3. A preliminary objection is taken that no appeal lies before us. If the original objection had been one under Order XXI, Rule 58 and had been allowed, then the objection that no appeal lies could have been entertained. But we have already pointed out that Natha Ram was brought upon the record as a representative of the deceased judgment-debtor. In his objection he set up his own right to the property, and, therefore, his objection must be taken to have come under Section 47. This was clearly held in the case of Dulla v. Shib Lal 36 Ind. Cas. 281 : 39 A. 47 : 14 A.L.J. 846 by a Bench of which one of us was a member. The objection being under Section 47, the order which was passed on the 24th of February 1923--though an ex parte one amounted to a decree. Under Section 2, Sub-clause (2) of the C.P.C., a decree includes the determination of any question within Section 47. It follows, therefore, that Order IX, Rule 13, would in terms be applicable. The learned Judge was quite wrong in holding that the application for setting aside the ex parte decree was not maintainable. Even if Order IX, Rule 13 were not expressly applicable, the Court would have an inherent jurisdiction to review an order which had been passed ex parte, provided of course sufficient cause is shown.
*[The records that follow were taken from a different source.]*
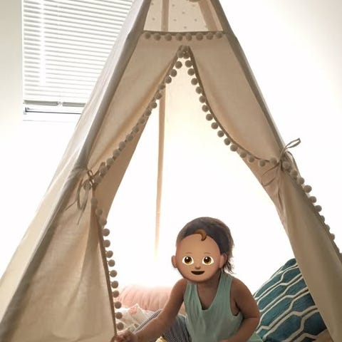 Lästält med volanger upptill och pompoms från Newbie, gjord i 100% ekologisk bomull. Tältet har en vadderad botten som sitter fast i tältet och en ögla upptill för enkel upphängning. Dold metallring för ökad stadga upptill som kan lossas vid behov. Ovanför öppningen sitter en fastsydd Newbie-etikett. Pompoms hänger i olika höjder inne i tältet och kan tas loss med hjälp av kardborre.
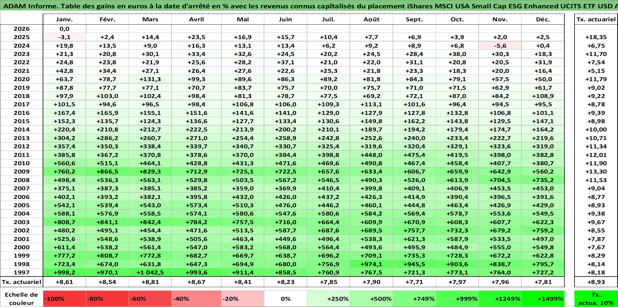 Site dédié aux investisseursPage dédiée sur site financeAnalyse des valorisations hebdomadaires du fonds iShares MSCI USA Small Cap ESG Enhanced UCITS ETF USD Acc. Cet actif est cote en USD. Les valorisations sont en contrevaleur EURO et couvrent les semaines 1997W01 a 2026W05. Les revenus de cet actif financier sont pris en compte depuis la semaine 1997W01. La note ESG de cet actif n'est pas connue.
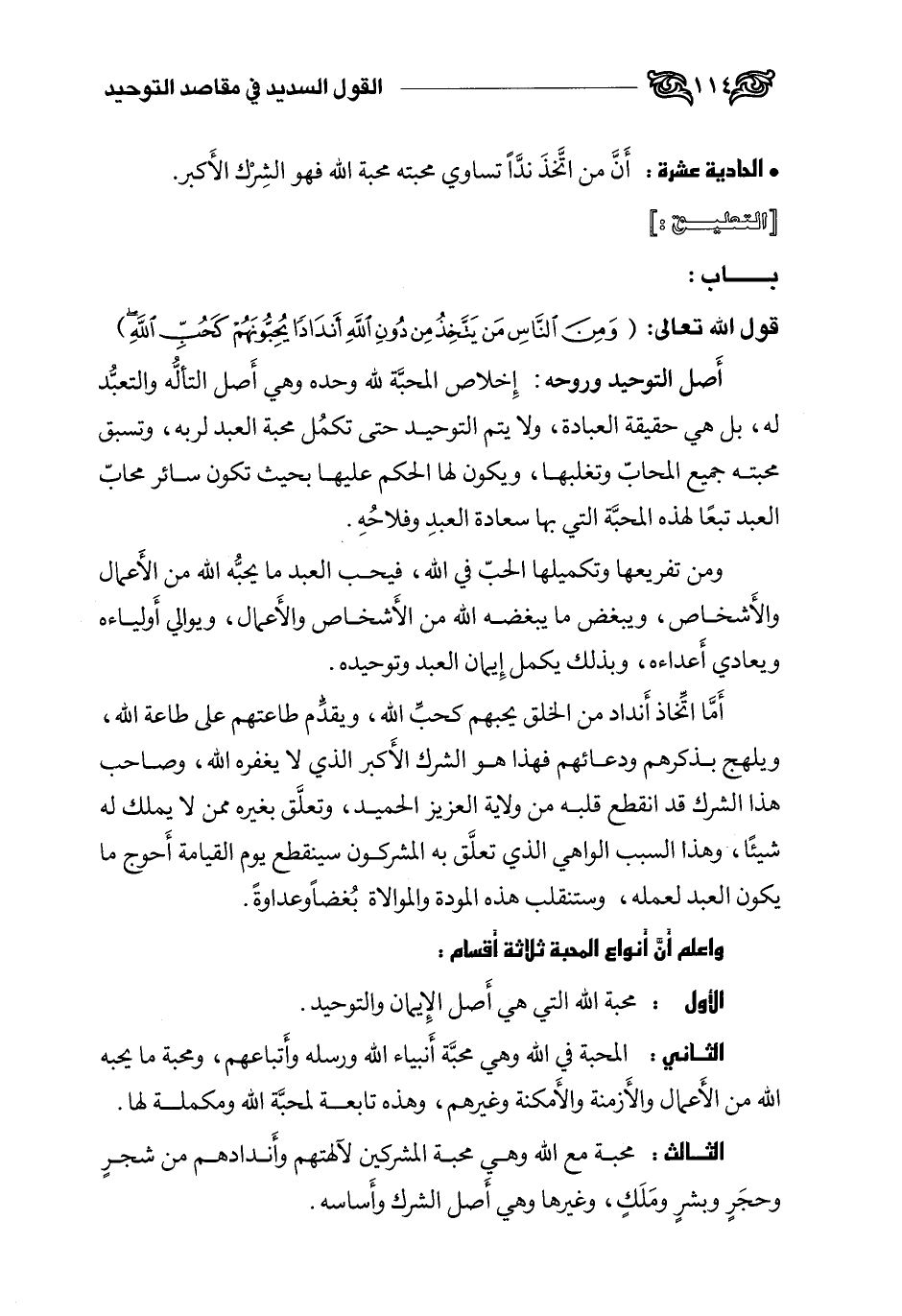 أصل التوحيد وروحه: إخلاص المحبة لله وحده، وهي أصل التأله والتعبد له، بل هي حقيقة العبادة، ولا يتم التوحيد حتى تكمل محبة العبد لربه، وتسبق محبته جميع المحاب وتغلبها، ويكون لها الحكم عليها بحيث تكون سائر محاب العبد تبعا لهذه المحبة التي بها سعادة العبد وفلاحه. ومن تفريعها وتكميلها الحب في الله، فيحب العبد ما يحبه الله من الأعمال والأشخاص، ويبغض ما يبغضه الله من الأشخاص والأعمال، ويوالي أولياءه ويعادي أعداءه، وبذلك يكمل إيمان العبد وتوحيده.
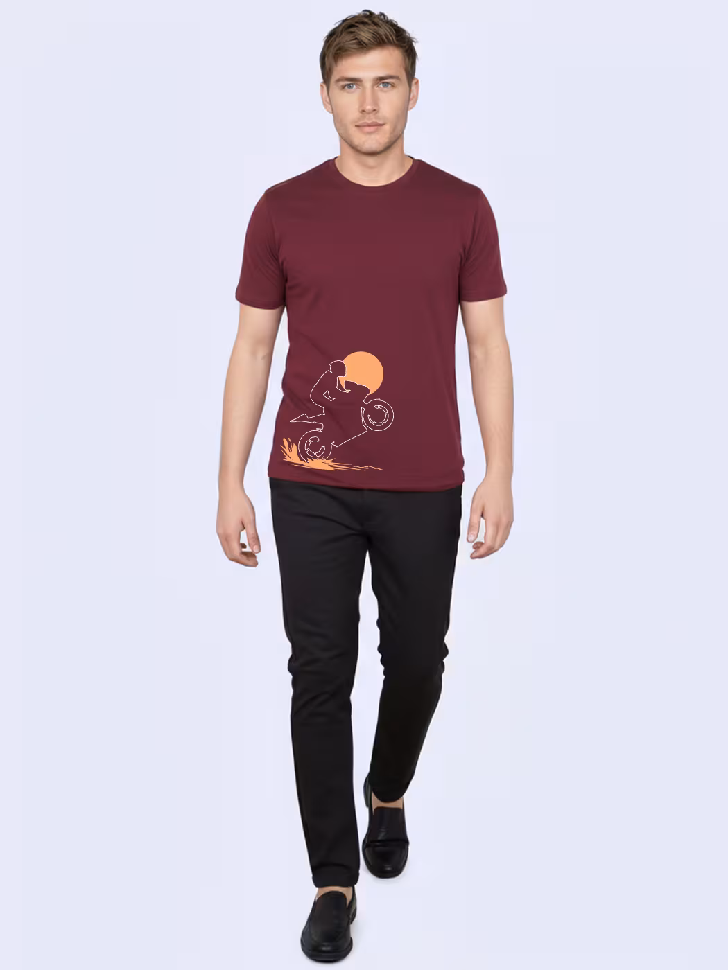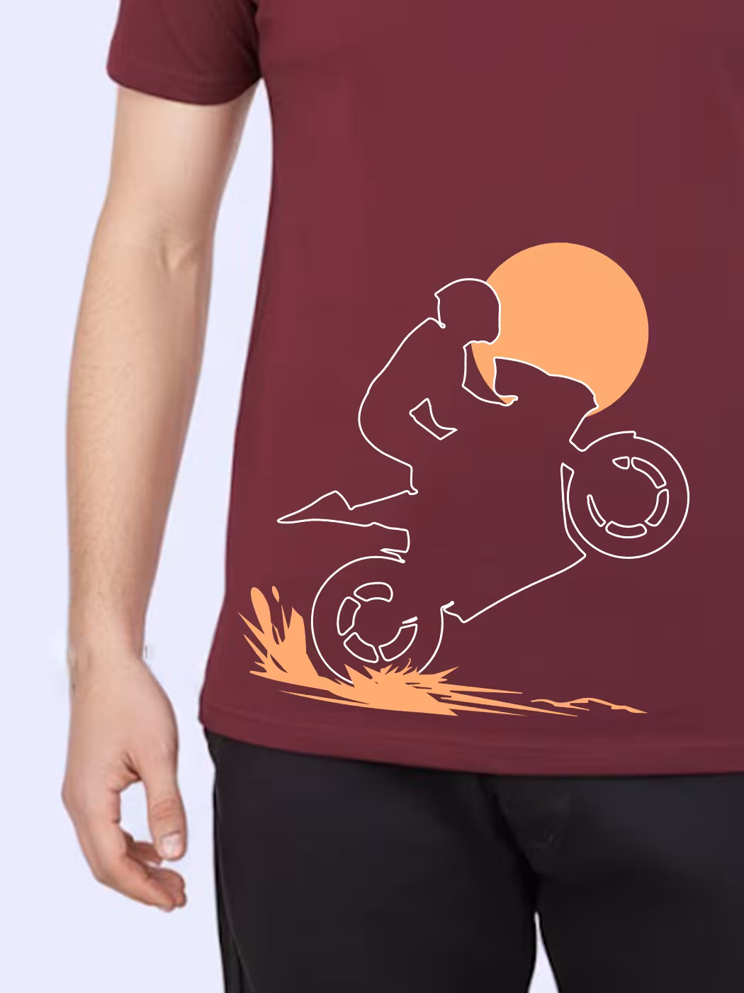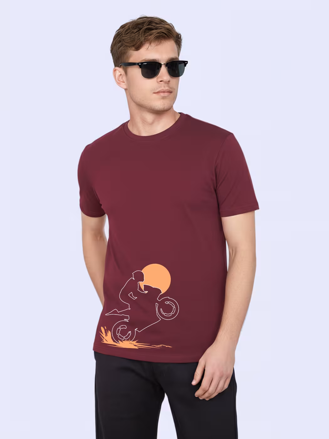 The Ride T-Shirt For Men – Half Sleeve blends style and comfort with minimalist motorcycle-inspired graphics, soft cotton fabric, and a perfect fit for everyday rides or casual adventures.

4. The learned Advocate for the respondent contends that a contrary view has been expressed in the case of Bharat Indu v. Asghar Ali Khan 73 Ind. Cas. 453 : 21 A.L.J. 135 : 45 A. 148 : (1913) A.I.R. (A.) 460 following the case of Hari Charan Ghose v. Manmatha Nath Sen 19 Ind. Cas. 683 : 41 C. 1 : 18 C.W.N. 343.
5. We may point out that the case before the Calcutta High Court arose out of, proceedings under Order XXI, Rules 100 and 101, which were not execution proceedings. In the case decided by this Court the application for execution had been struck off on the ground that the decree-holder had failed to prosecute it with due diligence. The facts of that case, therefore, are quite different.
6. In the present case we have already held that the order of the 24th of February 1923 amounted to a decree, and that, therefore, Order IX, Rule 13 was clearly applicable.
7. Instead of sending the case back to the Court below we have thought it convenient to dispose of the question of fact ourselves. On the one hand we have the sworn affidavit of the decree-holder that he had no notice of the date fixed. As against it there is the report and affidavit of the process-server. We find it difficult to believe that if the decree-holder was aware of the date and was actually present in the Court compound as alleged by the opposite party, he would have deliberately allowed the objection to be heard ex parte.
8. We accordingly hold that it is established that the decree-holder was ignorant of the date fixed and that he could not attend the Court on that day, and that sufficient cause has been shown for his non-appearance within the meaning of Order IX, Rule 13.
9. We accordingly allow the appeal and set aside the order of the lower Appellate Court, with the result that the ex parte decree dated the 24th of February 1923 is also set aside and the objections of Natha Ram are restored to the file, and we direct that they should be disposed of according to law. Costs in both Courts will abide the event, including in this Court fees on the higher scale.